EXERCISE REQUIREMENTS —
Copy the complete listing word for word, but do not carry over any images.

PROVIDED INFORMATION —
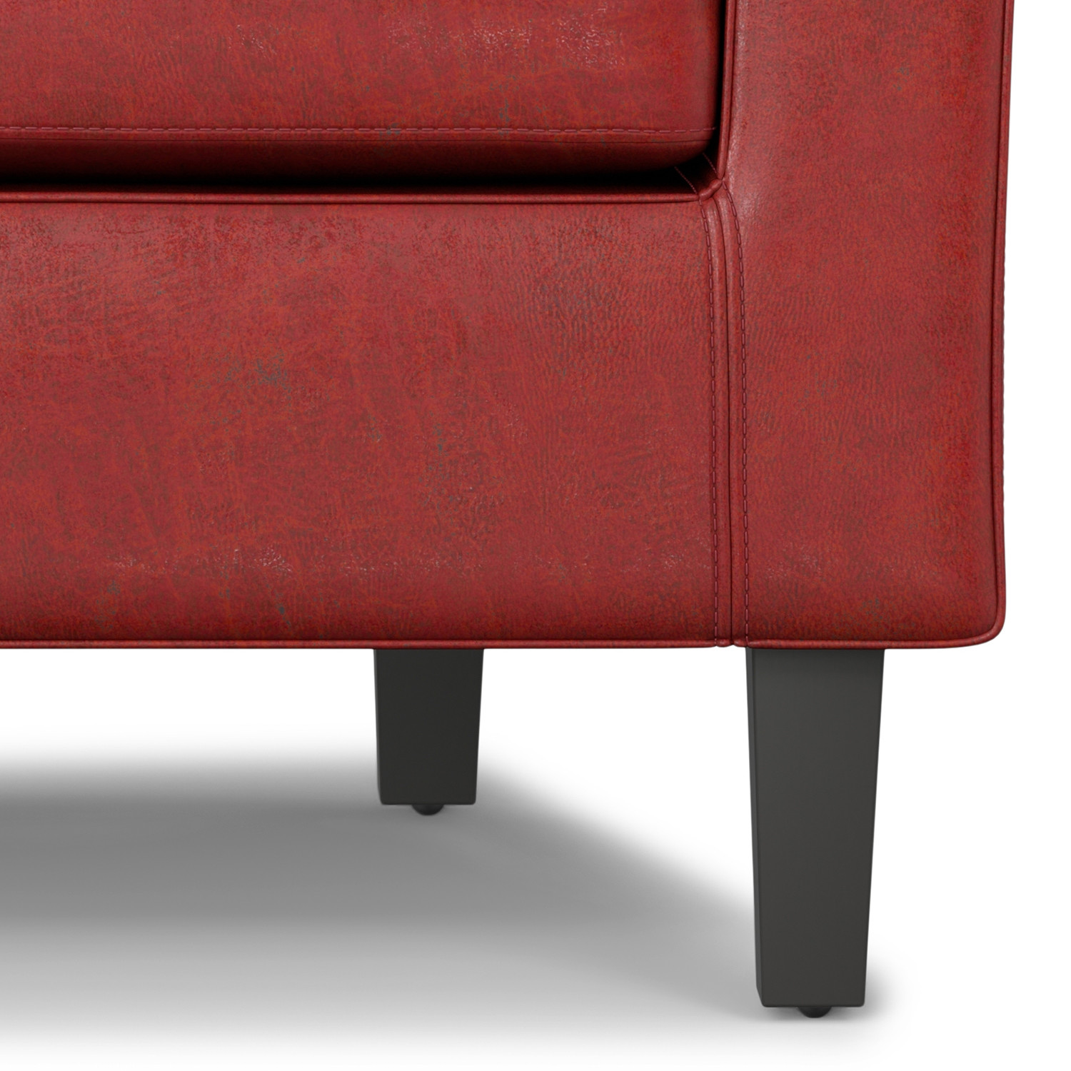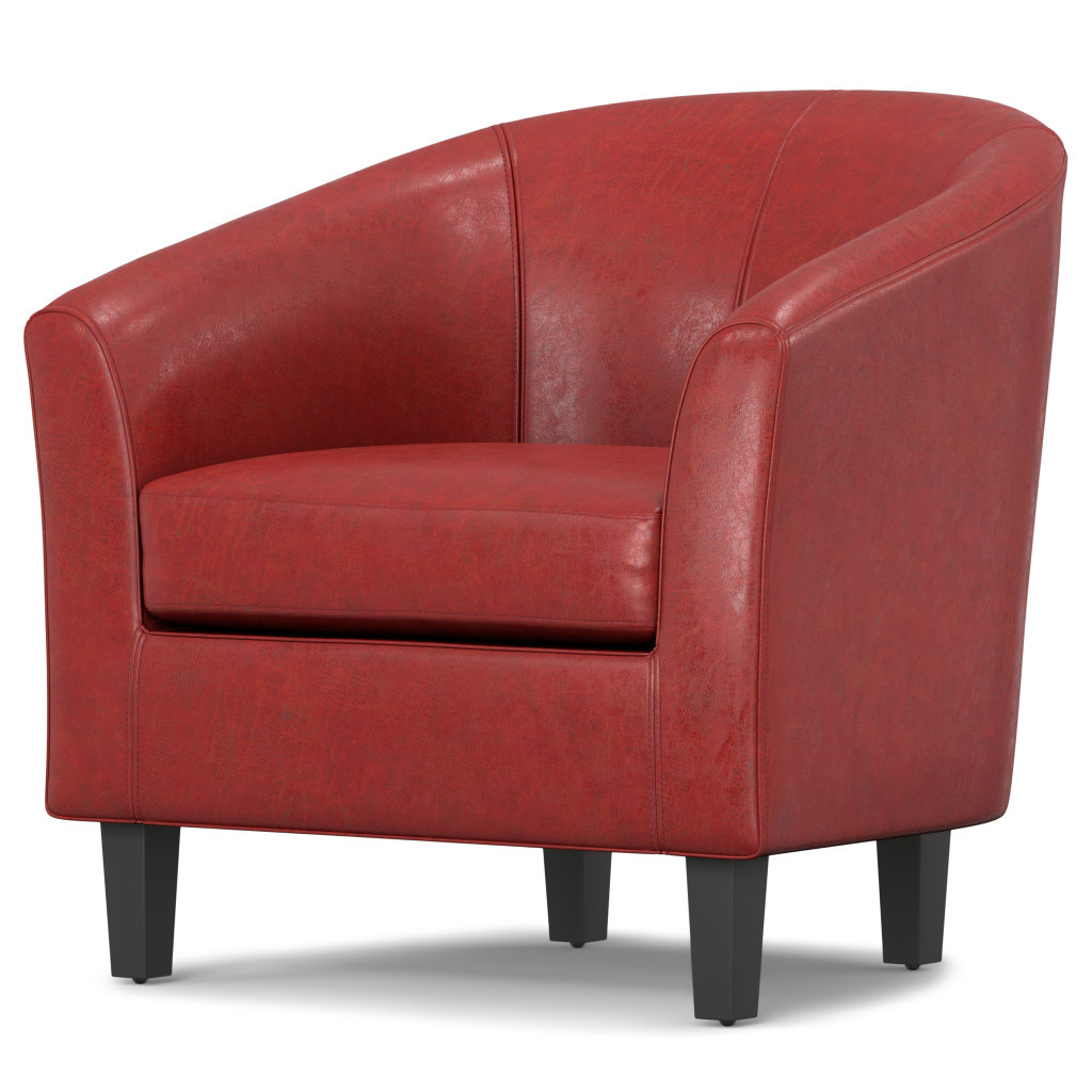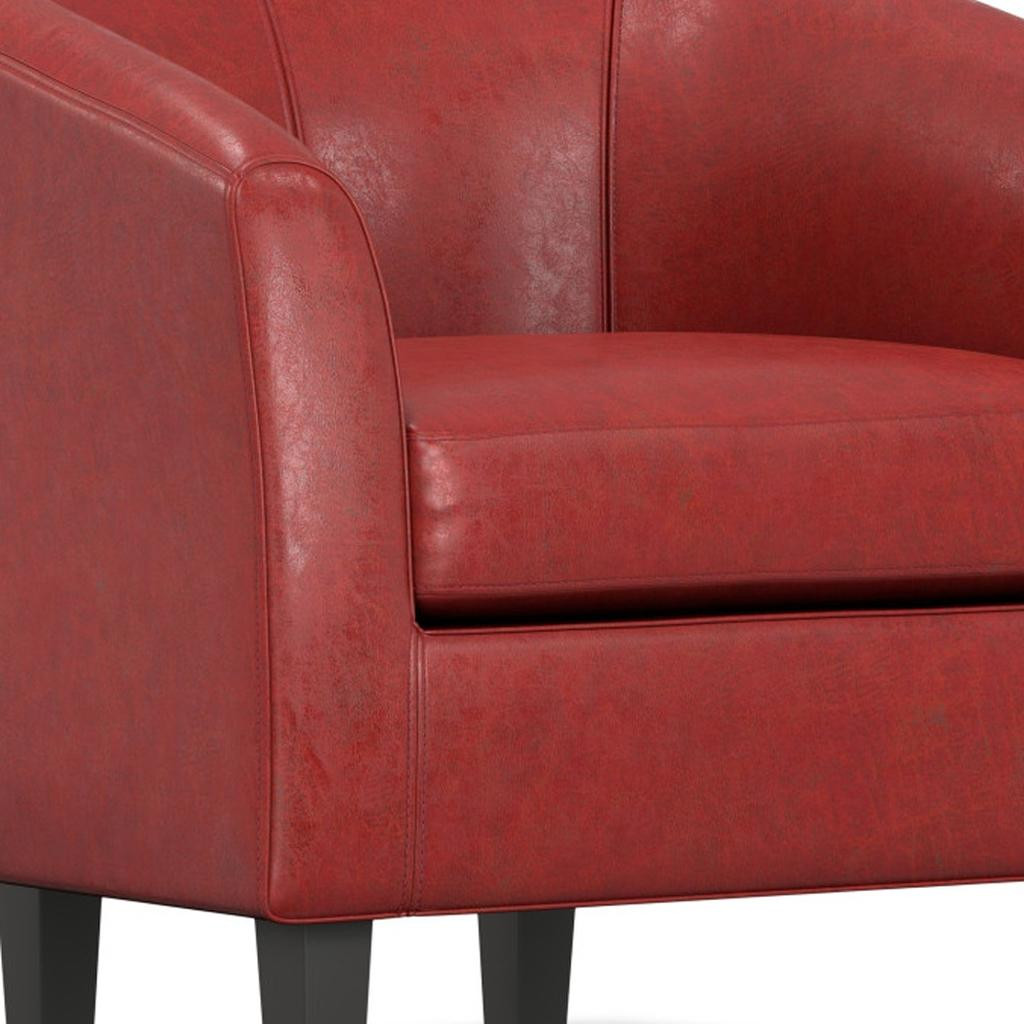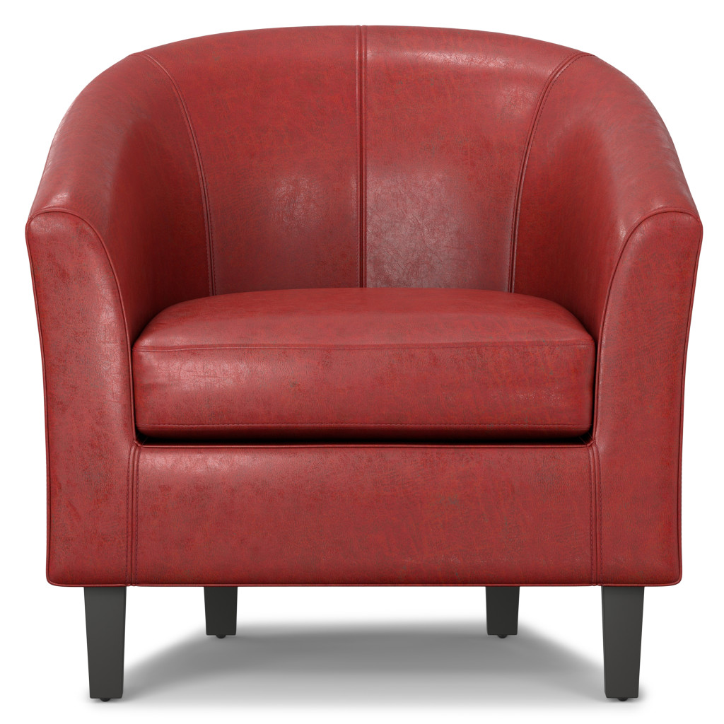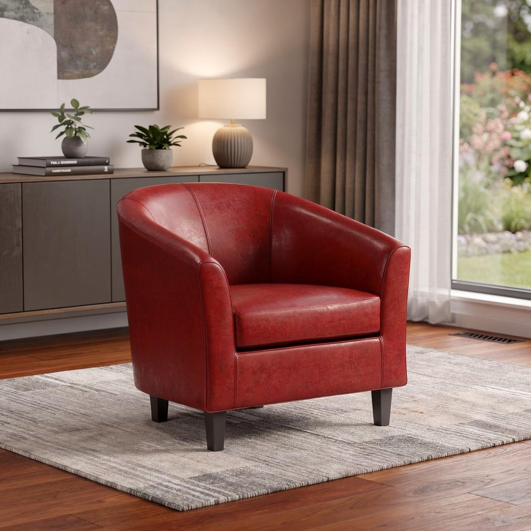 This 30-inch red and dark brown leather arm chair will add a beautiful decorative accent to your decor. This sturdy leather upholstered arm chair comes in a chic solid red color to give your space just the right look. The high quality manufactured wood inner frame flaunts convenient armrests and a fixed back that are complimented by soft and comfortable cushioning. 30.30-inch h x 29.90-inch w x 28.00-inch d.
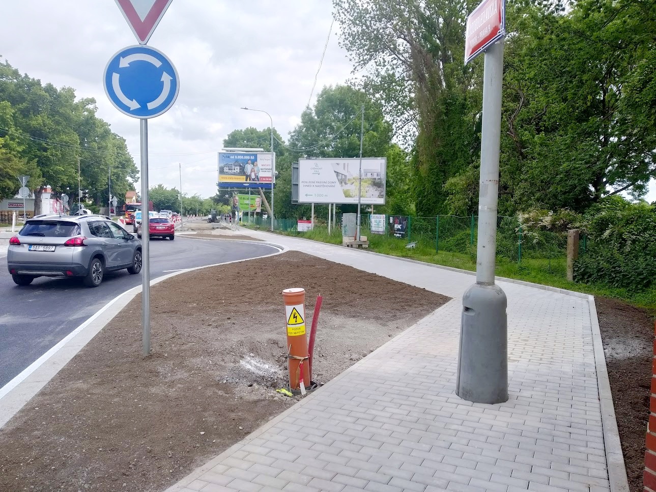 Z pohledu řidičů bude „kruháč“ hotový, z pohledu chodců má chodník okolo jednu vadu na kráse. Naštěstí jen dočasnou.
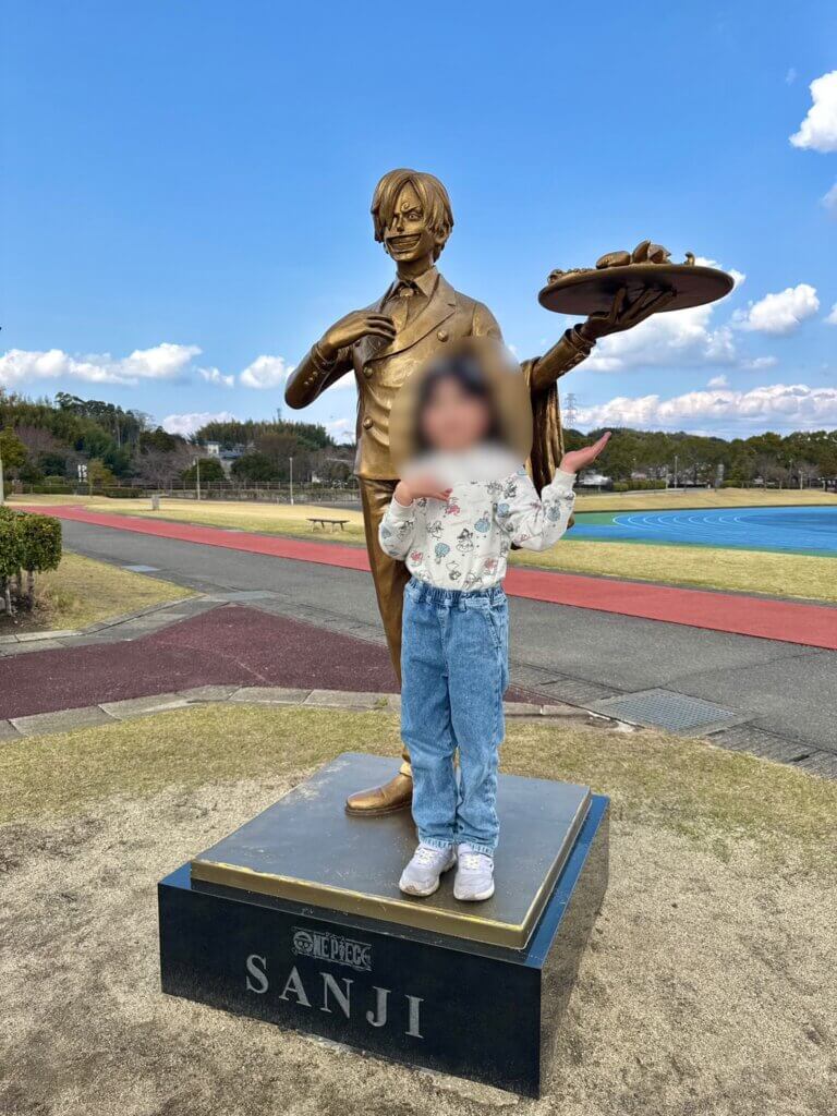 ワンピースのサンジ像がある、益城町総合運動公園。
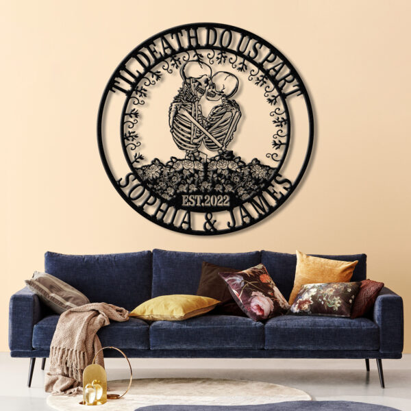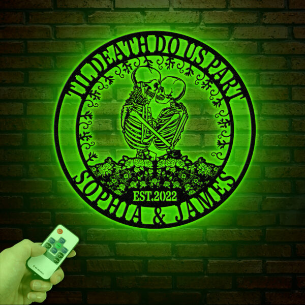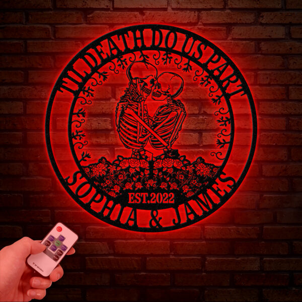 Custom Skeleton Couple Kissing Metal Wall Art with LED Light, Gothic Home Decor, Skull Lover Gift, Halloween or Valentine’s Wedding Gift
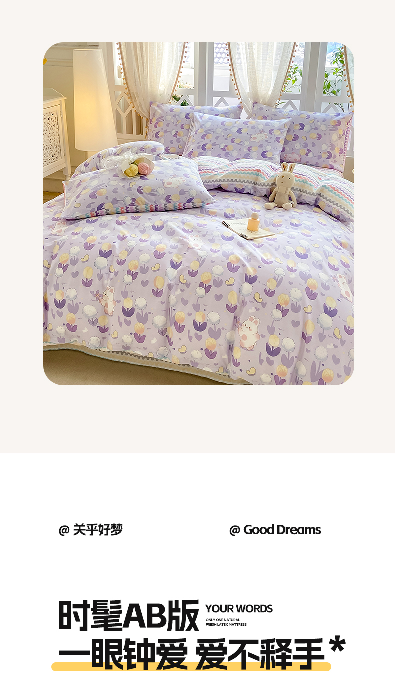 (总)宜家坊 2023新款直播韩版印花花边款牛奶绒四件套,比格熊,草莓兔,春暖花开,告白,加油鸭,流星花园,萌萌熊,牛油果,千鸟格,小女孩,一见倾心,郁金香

ANSWER TO THE PROBLEM —
 This 30-inch red and dark brown leather arm chair will add a beautiful decorative accent to your decor. This sturdy leather upholstered arm chair comes in a chic solid red color to give your space just the right look. The high quality manufactured wood inner frame flaunts convenient armrests and a fixed back that are complimented by soft and comfortable cushioning. 30.30-inch h x 29.90-inch w x 28.00-inch d.
 Z pohledu řidičů bude „kruháč“ hotový, z pohledu chodců má chodník okolo jednu vadu na kráse. Naštěstí jen dočasnou.
 ワンピースのサンジ像がある、益城町総合運動公園。
 Custom Skeleton Couple Kissing Metal Wall Art with LED Light, Gothic Home Decor, Skull Lover Gift, Halloween or Valentine’s Wedding Gift
 (总)宜家坊 2023新款直播韩版印花花边款牛奶绒四件套,比格熊,草莓兔,春暖花开,告白,加油鸭,流星花园,萌萌熊,牛油果,千鸟格,小女孩,一见倾心,郁金香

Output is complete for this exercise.